Quand j’ai voulu forcer la fermeture après un essai, la peinture s’est écaillée sur 6 cm et le frottement est revenu plus sec. J’ai compris que le portail ne pardonne pas les à-peu-près. J’étais sûre de moi au troisième essai, puis je suis devenue plus lente, et le résultat s’est tenu.
Le jour où j’ai compris que ça ne marchait pas sur le portail au poteau instable
L’autre portail m’a vite calmée. Le poteau bois avait un scellement ancien, fissuré sur le côté, et je sentais une petite bascule quand j’appuyais à la main. Le gond travaillait mal, avec un bruit sourd au moment où tout le poids passait en bas.
J’ai essayé le réglage cran par cran, et le soir le portail fermait presque bien, mais le lendemain matin, le vantail avait repris un jeu bizarre et frottait à nouveau au même endroit. La première fois, j’ai serré trop vite les contre-écrous avant le test final, et le portail s’est décalé à la première ouverture. Quand je n’ai agi que sur le gond du haut, le bas s’est remis à frotter.
J’ai posé le niveau et j’ai mesuré 4 mm de déplacement entre deux ouvertures complètes. À ce moment-là, je me suis sentie un peu bête, parce que j’avais travaillé sur le gond sans corriger la base. La trace de frottement restait visible en arc de cercle sur la face intérieure du pilier, et pas seulement sur le seuil.
Là, je n’ai pas insisté. Pour ce type de cas, je passe par un maçon ou un serrurier-métallier, parce que le réglage des gonds ne rattrape pas un poteau qui bouge. Je ne sais pas faire mieux sans toucher au scellement, et je préfère le dire clairement.
Mon bilan factuel après ce week-end à jouer du cran et de la clé
Au total, j’ai passé 9 heures sur ce week-end, 5 sur le premier portail et 4 sur le second. Sur le poteau sain, j’ai gagné 3 mm, le frottement a disparu, la serrure s’est réalignée, et je n’ai plus eu besoin de soulever le vantail. Sur le poteau instable, le même geste n’a pas tenu.

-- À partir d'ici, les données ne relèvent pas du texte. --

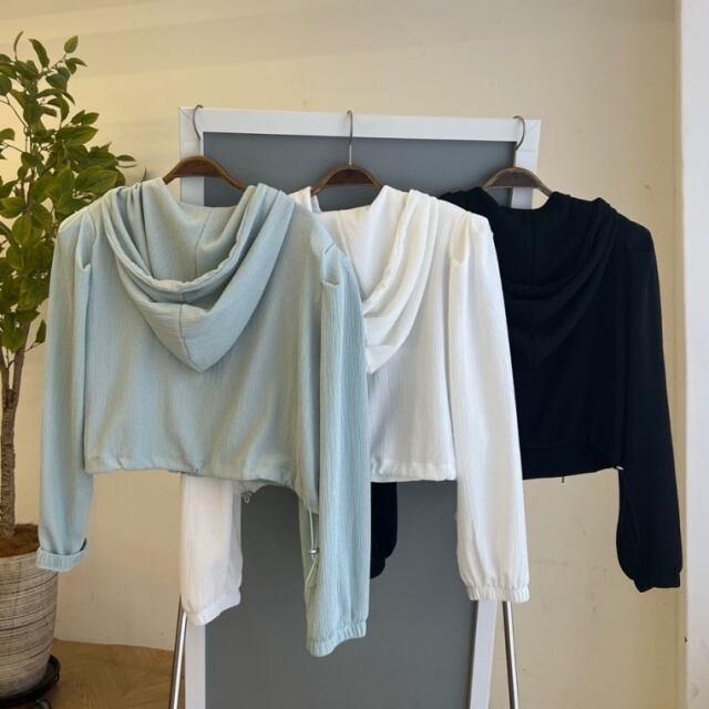 ボリューム袖が可愛いショート丈パーカーと

Je suis rentrée avec les mains noircies, et j’ai aussi gardé le souvenir des 27 euros de petites fournitures, parce que je n’ai pas dépassé ce budget pour le premier réglage. J’ai relu ce résultat avec les repères de l’ADEME sur l’entretien raisonné. Sur le premier portail, 3 mm ont suffi; sur le second, le réglage n’a pas tenu. Au bout du compte, le geste est utile quand le poteau est sain, mais il ne remplace pas une reprise du support quand celui-ci bouge.